What the task asks:
Transcribe every line from the one containing "Cow holds heart" to the end of the listing, exactly as written, and leave out the pictures.

Collected material:

□ □ □ □ □ □ □

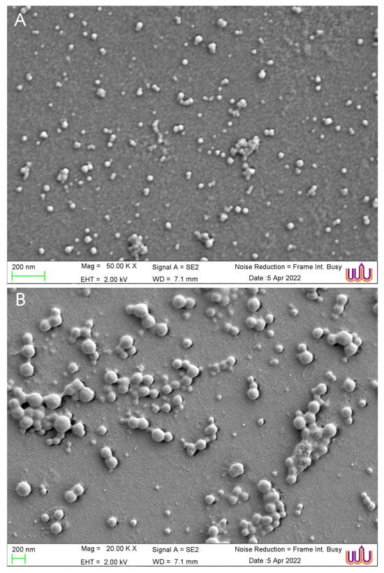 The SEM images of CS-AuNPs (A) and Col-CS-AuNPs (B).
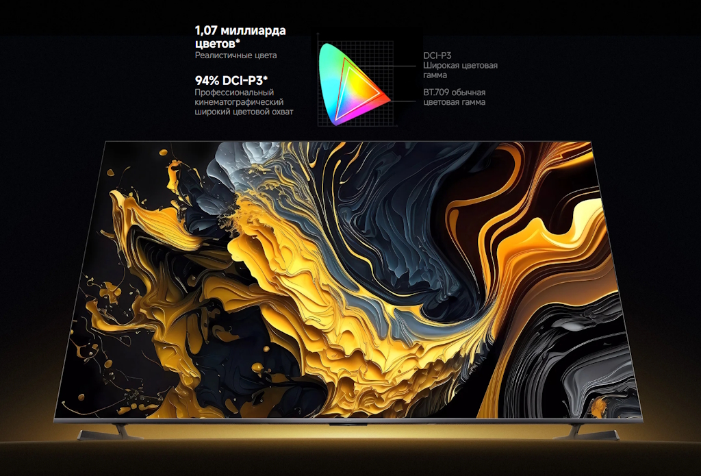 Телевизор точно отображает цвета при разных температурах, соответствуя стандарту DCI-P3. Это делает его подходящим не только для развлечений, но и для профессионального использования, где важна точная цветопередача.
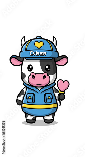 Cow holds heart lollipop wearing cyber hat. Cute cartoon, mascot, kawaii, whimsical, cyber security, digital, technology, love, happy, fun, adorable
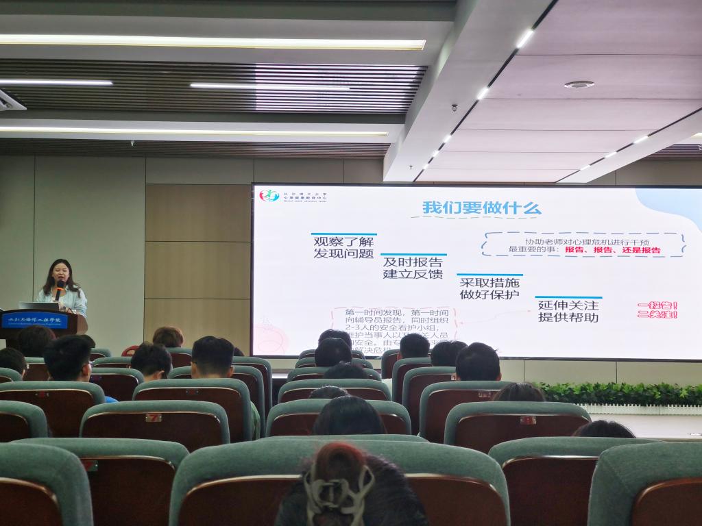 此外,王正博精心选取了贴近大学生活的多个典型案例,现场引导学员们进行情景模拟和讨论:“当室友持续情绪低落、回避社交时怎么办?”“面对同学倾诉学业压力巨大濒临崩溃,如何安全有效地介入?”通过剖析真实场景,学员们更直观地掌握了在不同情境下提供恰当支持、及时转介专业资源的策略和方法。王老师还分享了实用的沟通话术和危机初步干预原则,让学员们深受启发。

□ □ □ □ □ □ □

Written response:
 Cow holds heart lollipop wearing cyber hat. Cute cartoon, mascot, kawaii, whimsical, cyber security, digital, technology, love, happy, fun, adorable
 此外,王正博精心选取了贴近大学生活的多个典型案例,现场引导学员们进行情景模拟和讨论:“当室友持续情绪低落、回避社交时怎么办?”“面对同学倾诉学业压力巨大濒临崩溃,如何安全有效地介入?”通过剖析真实场景,学员们更直观地掌握了在不同情境下提供恰当支持、及时转介专业资源的策略和方法。王老师还分享了实用的沟通话术和危机初步干预原则,让学员们深受启发。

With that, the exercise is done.